(Records drawn from a dataset)

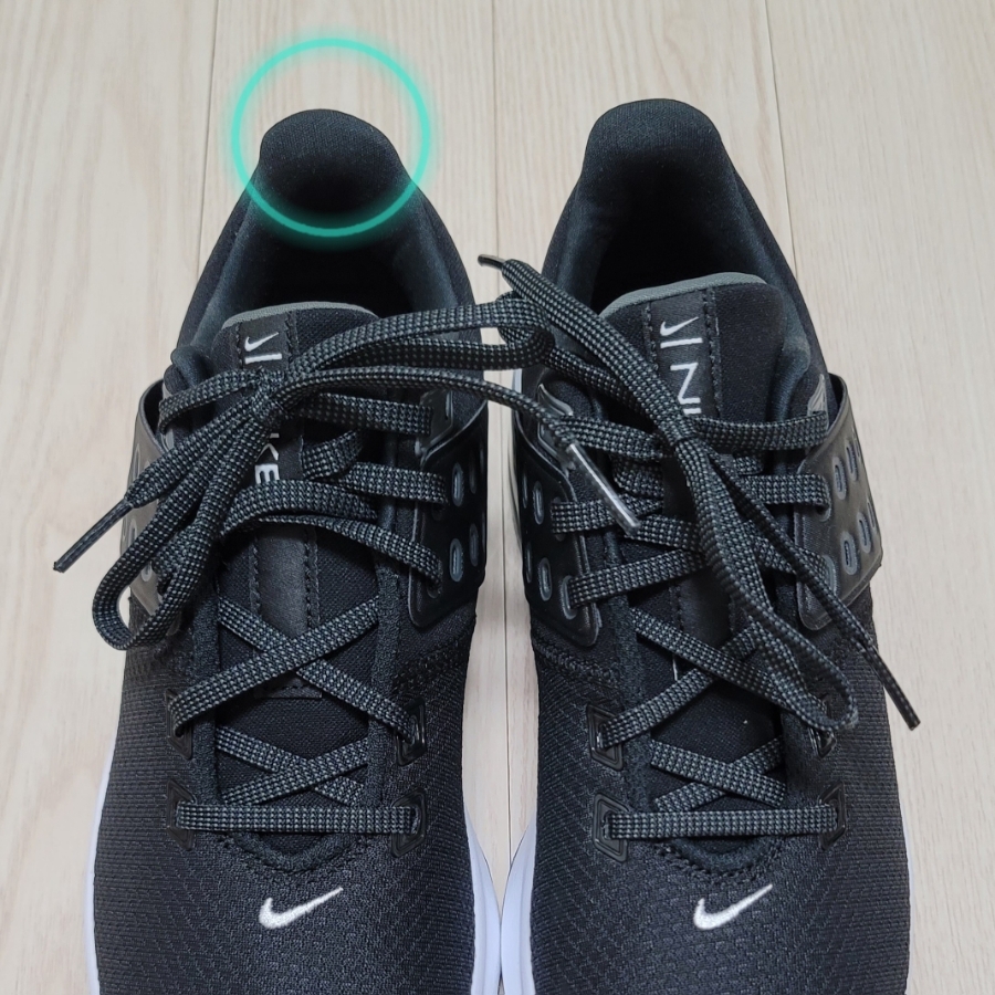 사진 속 원형으로 표시된 뒤축 부분이 잘 무너져서
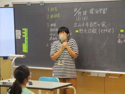 5時間目の6年生教室では、宿泊学習の班長決めをしていました。班長を選出するところでは自分から立候補する児童が何人もいて、とても心強く感じました。
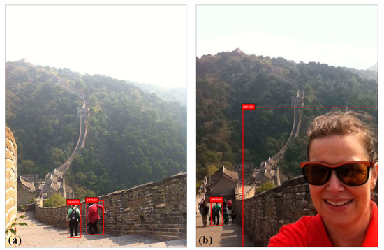 Next, we apply a single-shot multibox detector (SSD) model [22] to detect persons in images. It is a convolutional-based object detection model, pre-trained on PASCAL Visual Object Classes (VOC) dataset. We assume that if a more substantial proportion of an image is occupied by at least one person, it is more likely to be a tourist’s selfie in front of a tourist attraction. Examples are shown in Figure 3. Although both images show the same tourist attraction (The Great Wall in Beijing, China) and are both detected to have two persons, Figure 3a seems more likely to be the representative image for this tourist attraction than Figure 3b. Given this assumption, we detect each image and filter it if there is a person whose minimum bounding rectangle’s area covers over 10% of this image.
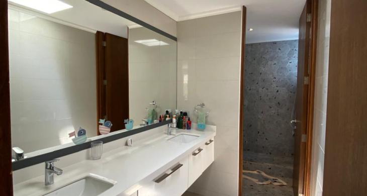 Relájate en un baño tipo spa con jacuzzi sobre plataforma y acabados en mármol blanco, ubicado estratégicamente frente a un ventanal con vista panorámica. Incluye doble vanitorio sobre mueble de madera noble, amplio shower y muros revestidos en porcelanato, además de un espacio independiente con WC.
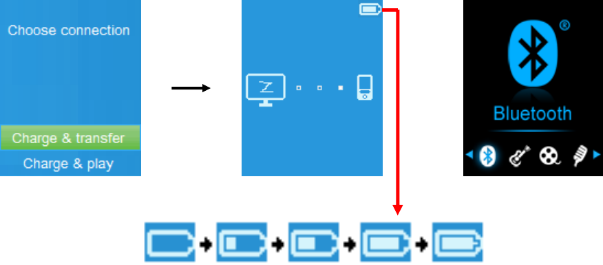 3 hours or until the battery status icon in the “Connect” screen
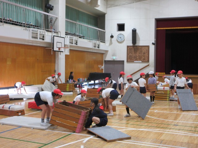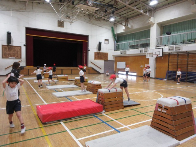 挑戦する跳び方と、練習をする場を自分で選んで学習を進めていきます。この日、3分の1くらいの子が新しい跳び方を跳べるようになりました。もう少しでできそうな子も満足そうな笑顔でした。片付けも協力してしっかりやりました。
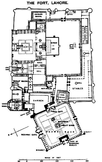 라호르성은 크게 두 부분으로 나뉜다. 첫 번째는 정문과 연결된 행정 구역으로, 정원과 왕실 접견을 위한 디완-이-카스가 있다. 두 번째는 코끼리 문을 통해 들어갈 수 있는 사적인 주거 구역으로, 쉬쉬 마할, 넓은 침실, 작은 정원이 있는 북쪽 뜰이다.[26]
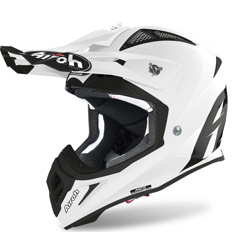 Calota externa realizada em HPC (High Performance Composite). 2 tamanhos de calota externa para um melhor ajuste para cada tamanho. Sistema de ventilação com entradas de ar frontais, superiores e na protecção de queixo e extratores traseiros, para uma óptima circulação do fluxo de ar. Acolchoado interior com tratamento hipoalergénico, totalmente desmontáveis e laváveis. Contam com estrutura 3D para reduzir a força transferida para a cabeça, no caso de impacto. Sistema AEFR (Airoh Emergency Fast Remove): facilita a retirada do capacete em caso de acidente, já que permite tirar os laterais acolchoados. Viseira ajustável com parafusos. Sistema de bloqueio de dupla curvatura. Peso: a partir de 1040g (±50 g).
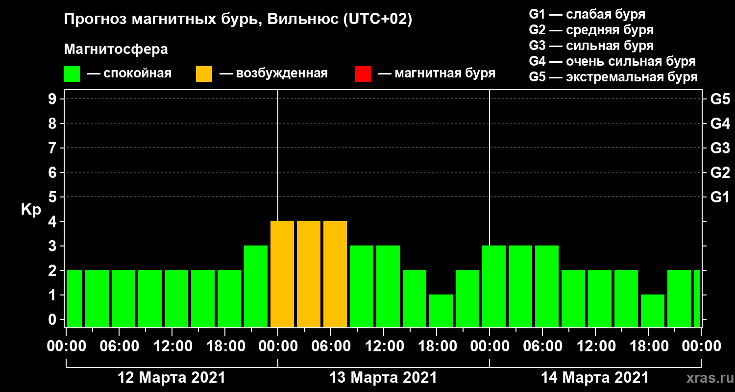 Прогноз магнитных бурь в Вильнюсе — 12 марта 2021 года
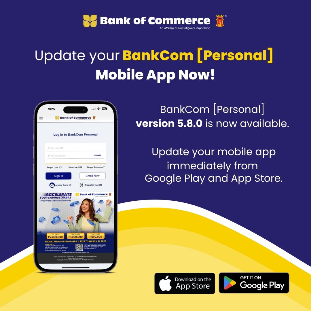 Enjoy smoother banking with BankCom [Personal] App Version 5.8.0. Download now!
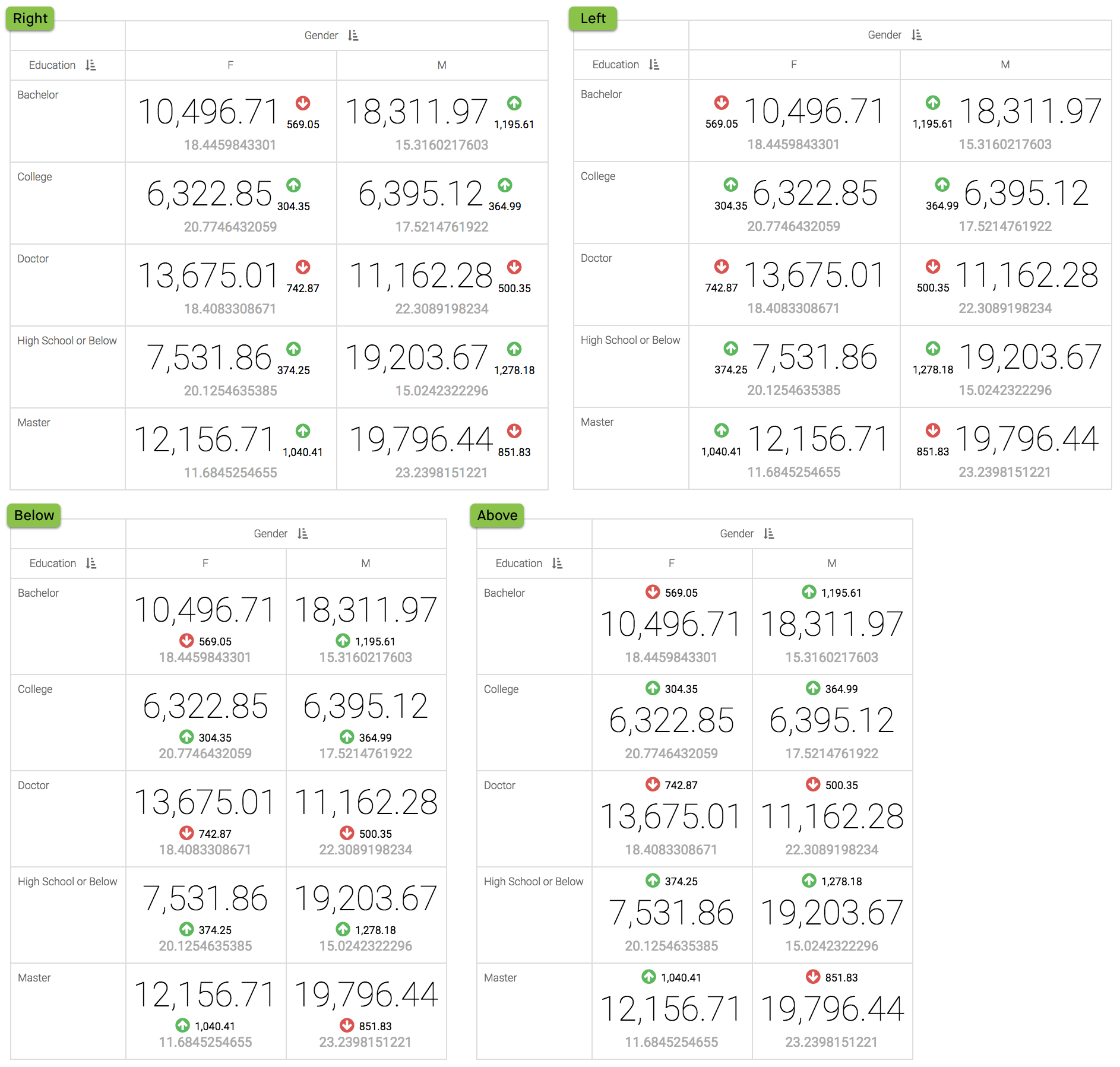 This image illustrates the visual with compare indicator displayed to the right, left, below, and above the main indicator.
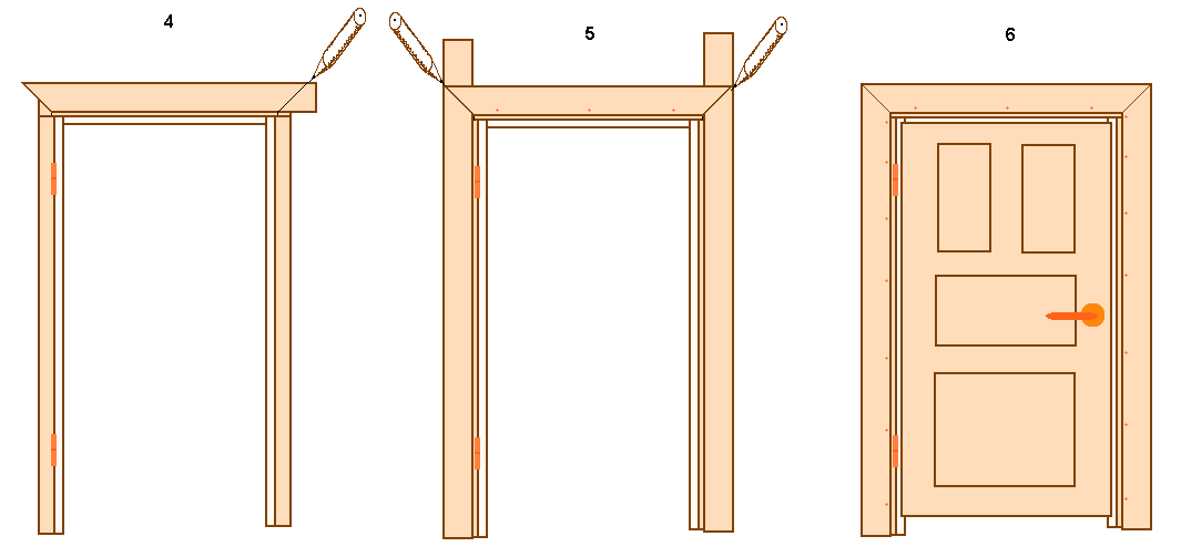 Теперь можно отпиливать своими руками концы притолоки (опять-таки торцовочной пилой либо стуслом). Эта процедура делается под углом в 45°.Далее занимаемся дверными петлями.
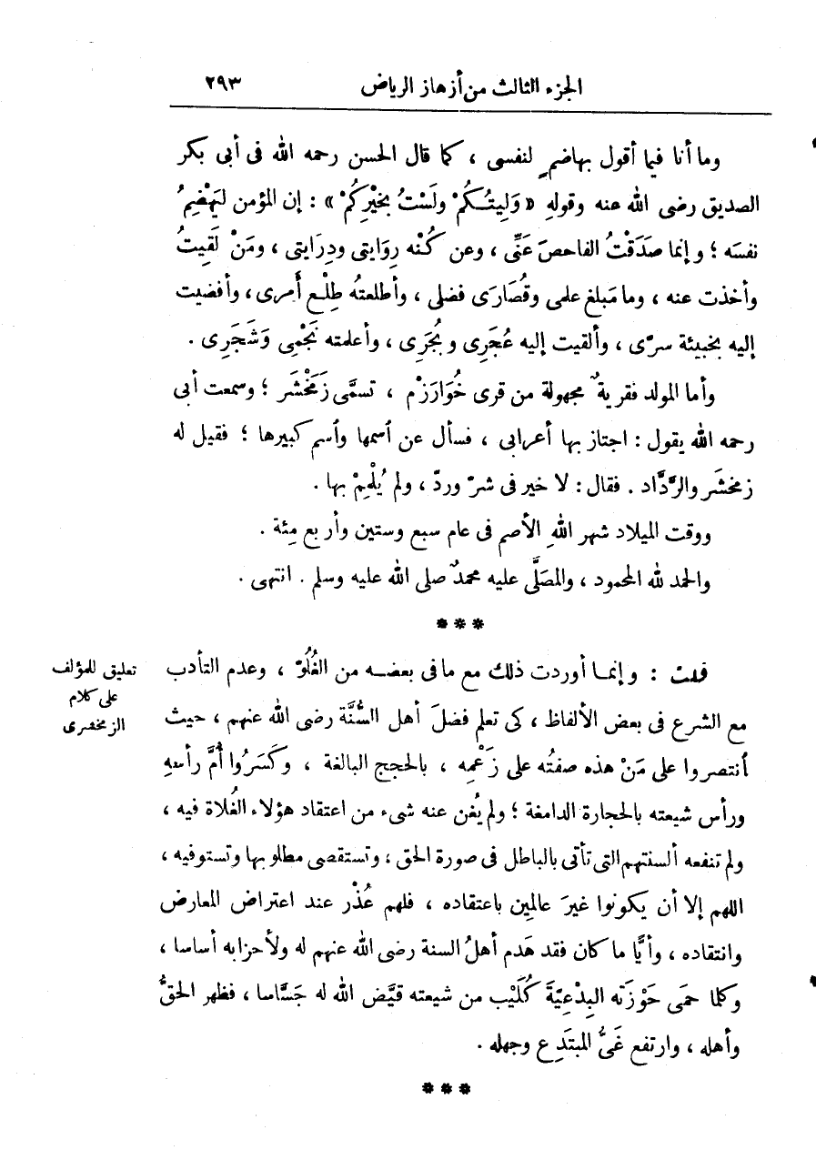 وأما المولد فقرية مجهولة من قرى خوارزم تسمى زمخشر وسمعت أبي رحمه الله يقول: اجتاز بها أعرابي فسأل عن أسمها واسم كبيرها فقيل له مخشر والرداد. فقال: لا خير في شر ورد ولم يلمم بها.

**Exercise directions**
From the line containing "This image illustrates" through the last line of the records above, reproduce every line exactly, leaving out the pictures.

**Your solution**
 This image illustrates the visual with compare indicator displayed to the right, left, below, and above the main indicator.
 Теперь можно отпиливать своими руками концы притолоки (опять-таки торцовочной пилой либо стуслом). Эта процедура делается под углом в 45°.Далее занимаемся дверными петлями.
 وأما المولد فقرية مجهولة من قرى خوارزم تسمى زمخشر وسمعت أبي رحمه الله يقول: اجتاز بها أعرابي فسأل عن أسمها واسم كبيرها فقيل له مخشر والرداد. فقال: لا خير في شر ورد ولم يلمم بها.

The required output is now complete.